Since \( p \neq q \) (if \( p = q \), the statement is trivially true and not a useful problem), we must have \( (p - q) \neq 0 \).
Therefore, the other factor must be zero:
\( 2a + d(p + q - 1) = 0 \dots (1) \).
Now, we need to find the sum of the first \( (p + q) \) terms, \( S_{p+q} \).
Using the sum formula:
\( S_{p+q} = \frac{p+q}{2}[2a + ((p + q) - 1)d] \).
From equation (1), we know that \( 2a + (p + q - 1)d = 0 \).
Substitute this into the expression for \( S_{p+q} \):
\( \implies S_{p+q} = \frac{p+q}{2}[0] \)
\( \implies S_{p+q} = 0 \).
Thus, the sum of the first \( (p + q) \) terms is \( 0 \).
In simple words: We set the sum of 'p' terms equal to the sum of 'q' terms and simplified the equation. This led us to discover that a certain part of the sum formula for 'p+q' terms must be zero. Using this, we found the sum of the first 'p+q' terms.
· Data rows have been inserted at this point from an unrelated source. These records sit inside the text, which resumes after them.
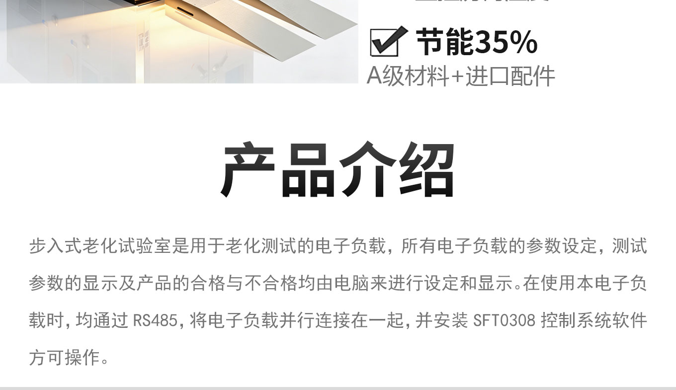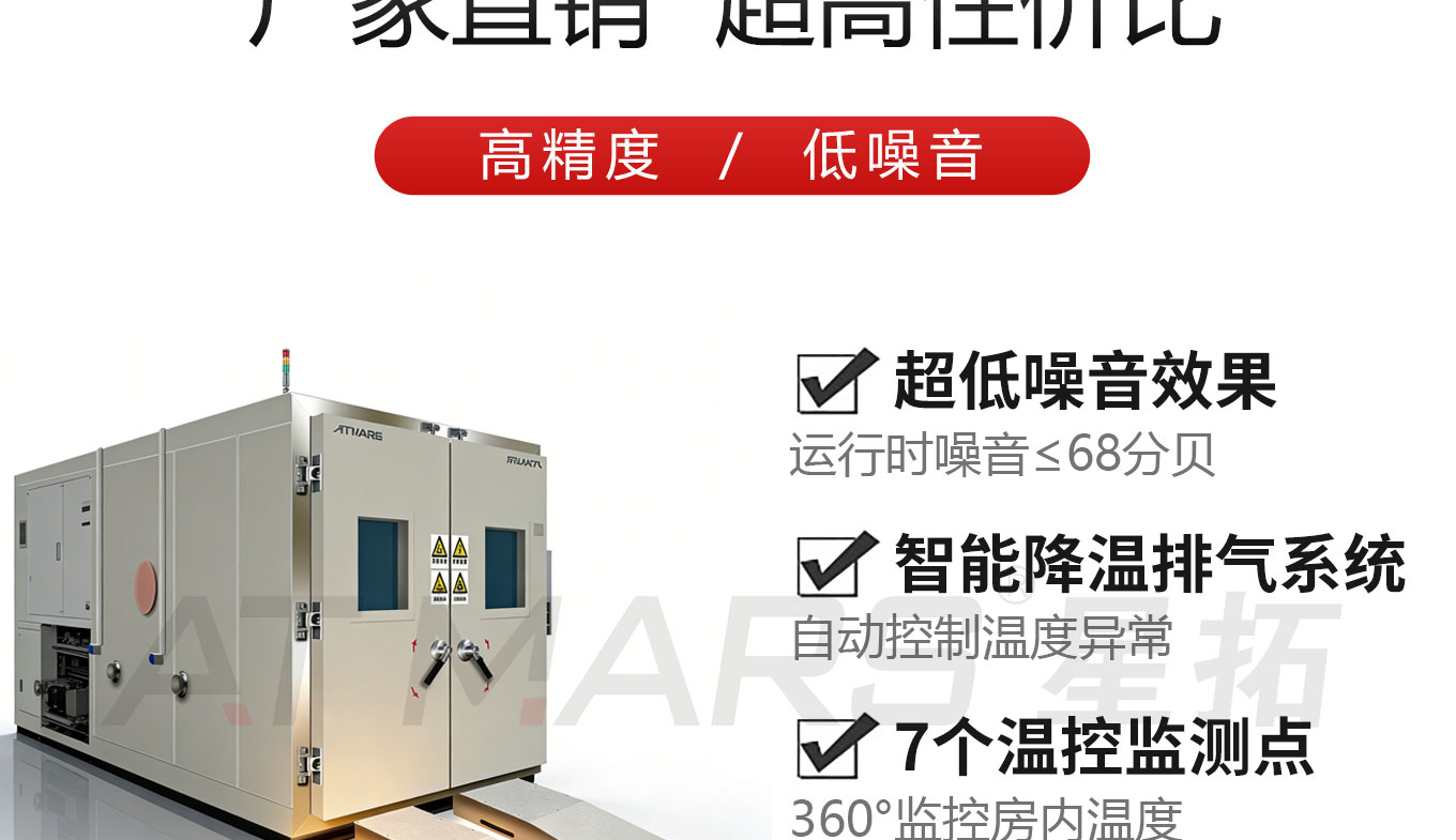 步入式老化试验室又称烧机房,老化房,是提高电工电子等产品稳定性、可靠性的批量老化试验设备。星拓专业定制大型老化房设备,试验房结构可选隔离式、移动式、整体式设计方案,内箱尺寸可定制,温度高达100°C可定制,精度高,温度均匀性好,使用方便安全。
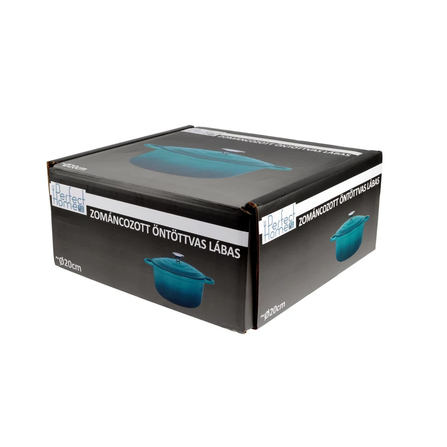 20 cm átmérő; 25,5 cm teljes szélesség fülekkel; 9 cm magas; ~14 cm magas fedővel
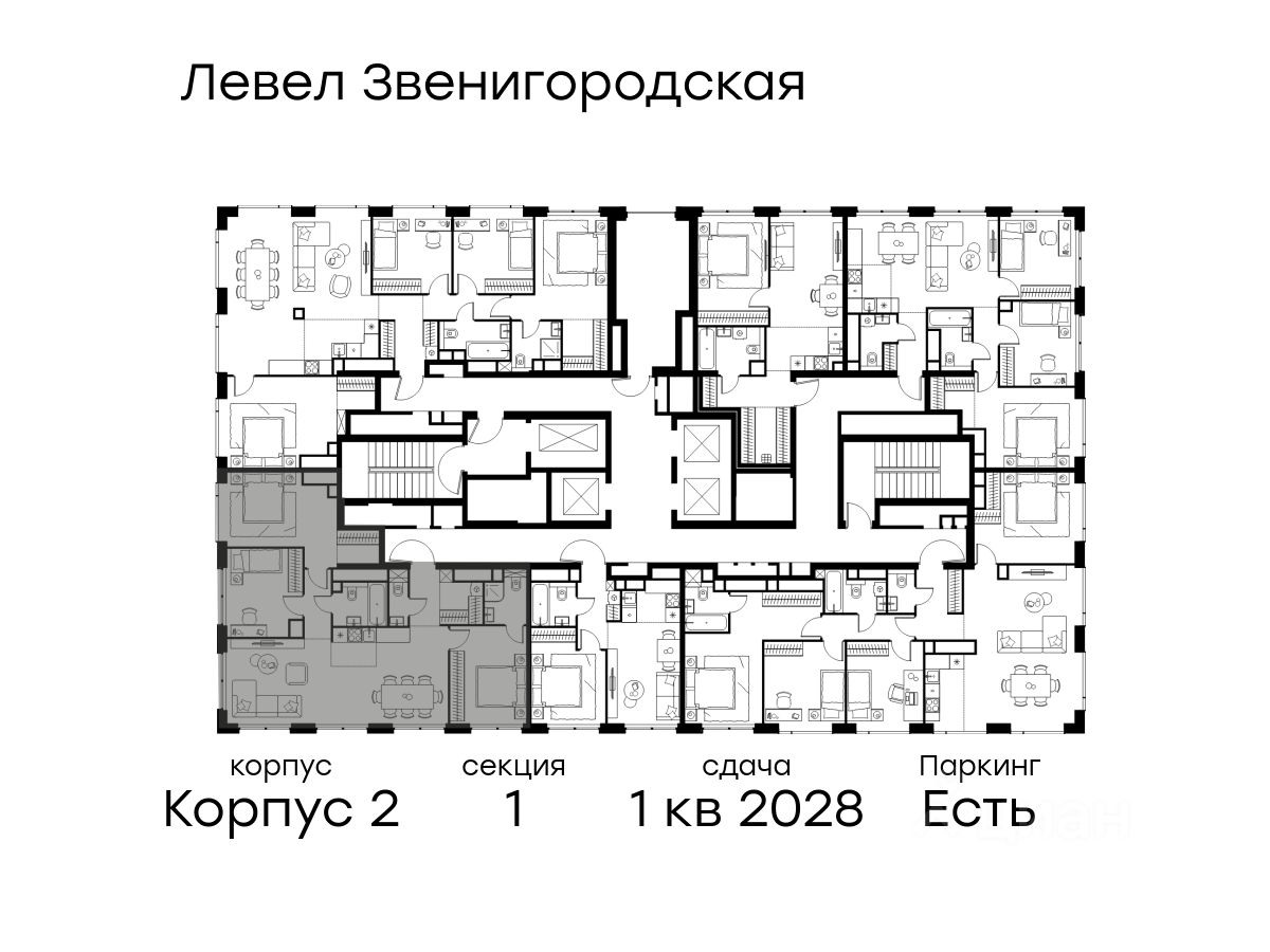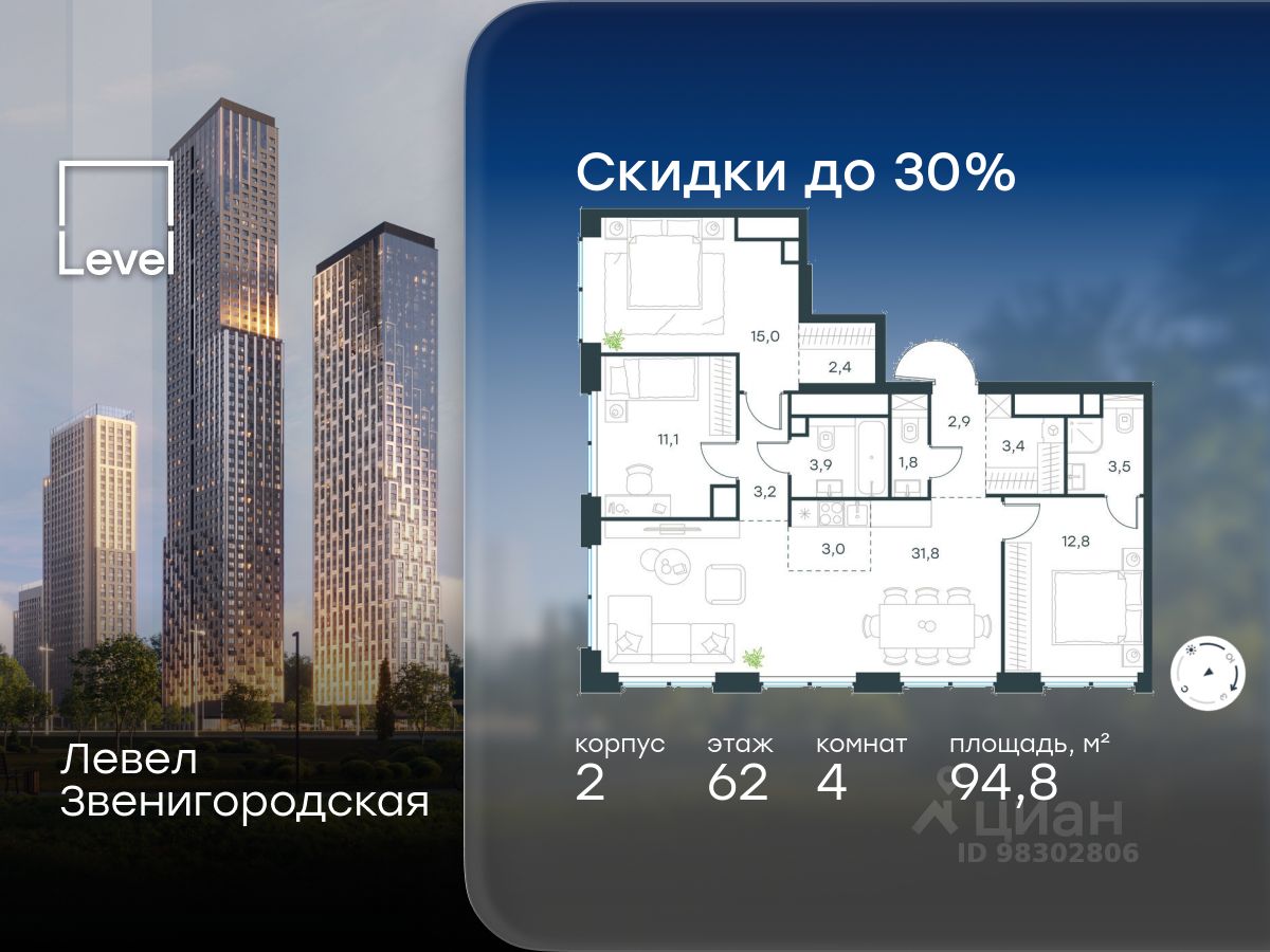 В жилом квартале продаётся 4-комнатная квартира площадью 94.80 кв.м без отделки. Квартира расположена на 62 этаже 64 этажного корпуса 2 в жилом комплексе комфорт класса Левел Звенигородская (компания Level Group/Левел групп).
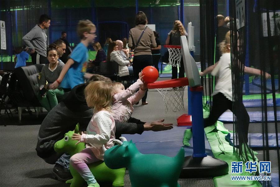 11月20日,在美国加利福尼亚州比尤特县奇科的一处游乐场,家长陪孩子在亲子聚会上做游戏。该活动旨在通过游戏缓解灾区儿童的心理创伤。
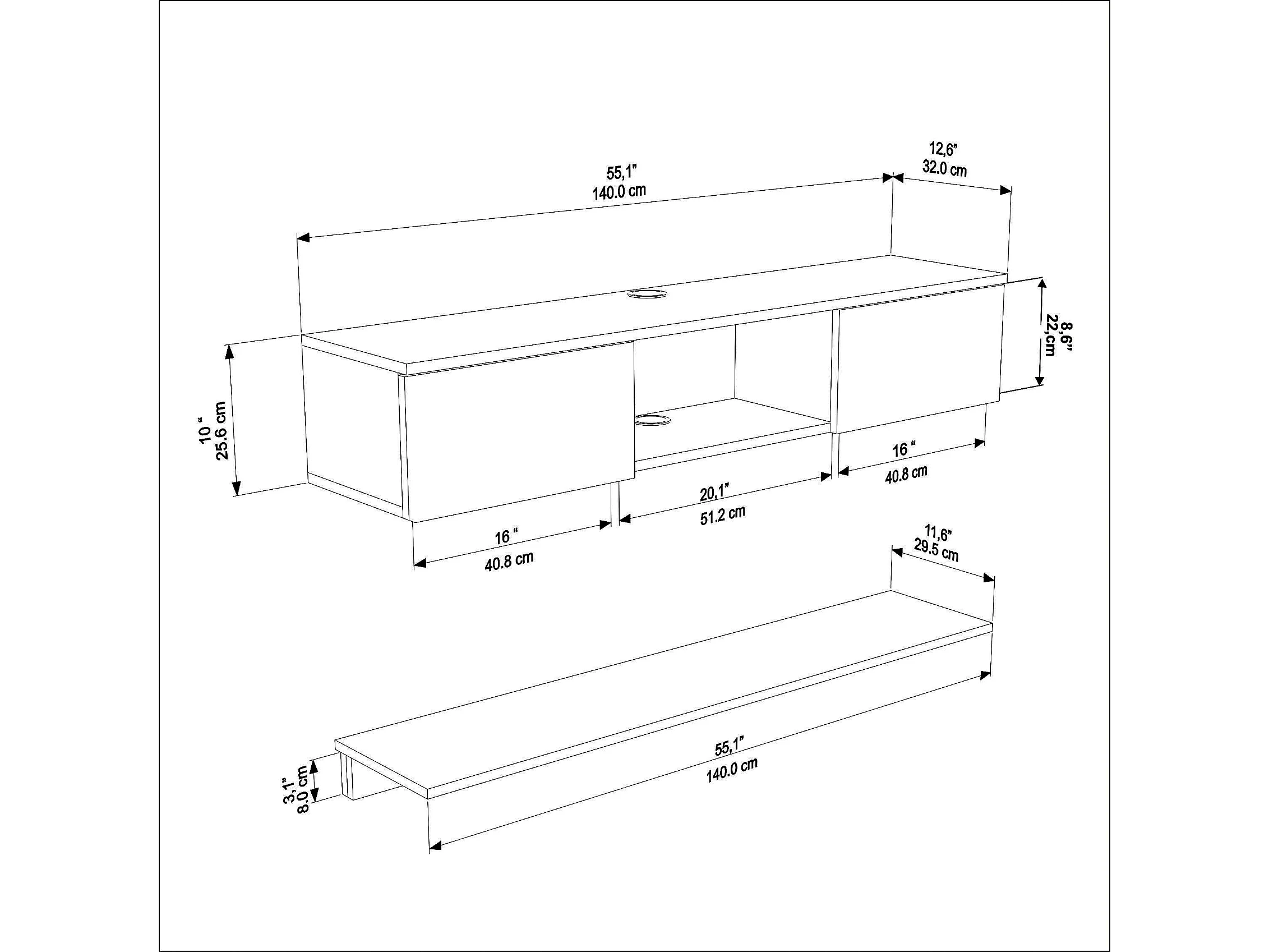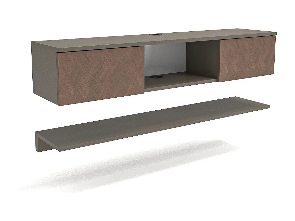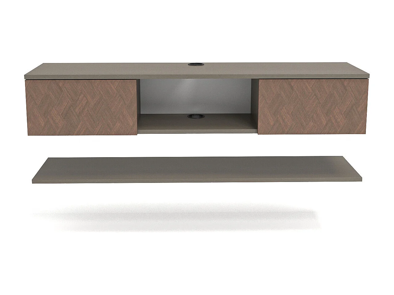 Meuble tv mural Elia flottant 140 cm - armoires - passe-cable - étagère murale incluse (Effet Galaxy et Vintage)

Exam Tip: This is a common and important result. When \( S_p = S_q \) and \( p \neq q \), it always implies that \( S_{p+q} = 0 \). Recognizing this pattern can help you quickly confirm your derived equation `2a + (p + q - 1)d = 0`.

 

Question 11. Sum of the first \( p, q \) and \( r \) terms of an A.P. are \( a, b \) and \( c \) respectively. Prove that \( \frac{a}{p}(q - r) + \frac{b}{q}(r - p) + \frac{c}{r}(p - q) = 0 \).
Answer: Let \( A \) be the first term and \( D \) be the common difference of the A.P.
The sum of \( n \) terms of an A.P. is \( S_n = \frac{n}{2}[2A + (n - 1)D] \).
Given:
Sum of \( p \) terms = \( a \): \( S_p = a \)
\( \implies \frac{p}{2}[2A + (p - 1)D] = a \)
Dividing by \( p \):
\( \implies A + \frac{1}{2}(p - 1)D = \frac{a}{p} \dots (1) \).
Sum of \( q \) terms = \( b \): \( S_q = b \)
\( \implies \frac{q}{2}[2A + (q - 1)D] = b \)
Dividing by \( q \):
\( \implies A + \frac{1}{2}(q - 1)D = \frac{b}{q} \dots (2) \).
Sum of \( r \) terms = \( c \): \( S_r = c \)
\( \implies \frac{r}{2}[2A + (r - 1)D] = c \)
Dividing by \( r \):
\( \implies A + \frac{1}{2}(r - 1)D = \frac{c}{r} \dots (3) \).
Now, we multiply equation (1) by \( (q - r) \), equation (2) by \( (r - p) \), and equation (3) by \( (p - q) \). Then, we add the three resulting equations.
\( \frac{a}{p}(q - r) = A(q - r) + \frac{1}{2}(p - 1)D(q - r) \)
\( \frac{b}{q}(r - p) = A(r - p) + \frac{1}{2}(q - 1)D(r - p) \)
\( \frac{c}{r}(p - q) = A(p - q) + \frac{1}{2}(r - 1)D(p - q) \).
Adding these three expressions:
LHS: \( \frac{a}{p}(q - r) + \frac{b}{q}(r - p) + \frac{c}{r}(p - q) \).
RHS: \( A(q - r + r - p + p - q) + \frac{1}{2}D[(p - 1)(q - r) + (q - 1)(r - p) + (r - 1)(p - q)] \).
Consider the coefficient of \( A \):
\( q - r + r - p + p - q = 0 \).
Consider the coefficient of \( \frac{1}{2}D \):
Let \( K = (p - 1)(q - r) + (q - 1)(r - p) + (r - 1)(p - q) \).
\( K = (pq - pr - q + r) + (qr - qp - r + p) + (rp - rq - p + q) \).
When we expand and collect terms:
\( pq \) and \( -qp \) cancel.
\( -pr \) and \( rp \) cancel.
\( -q \) and \( q \) cancel.
\( r \) and \( -r \) cancel.
\( qr \) and \( -rq \) cancel.
\( p \) and \( -p \) cancel.
Thus, \( K = 0 \).
So, the RHS becomes \( A(0) + \frac{1}{2}D(0) = 0 \).
Therefore, \( \frac{a}{p}(q - r) + \frac{b}{q}(r - p) + \frac{c}{r}(p - q) = 0 \).
This completes the proof.
In simple words: We wrote out the sum formulas for p, q, and r terms, then divided each by its term count. By multiplying each of these new equations by specific differences (like q-r) and adding them up, all the terms involving the first term and common difference canceled out, leaving the required result of zero.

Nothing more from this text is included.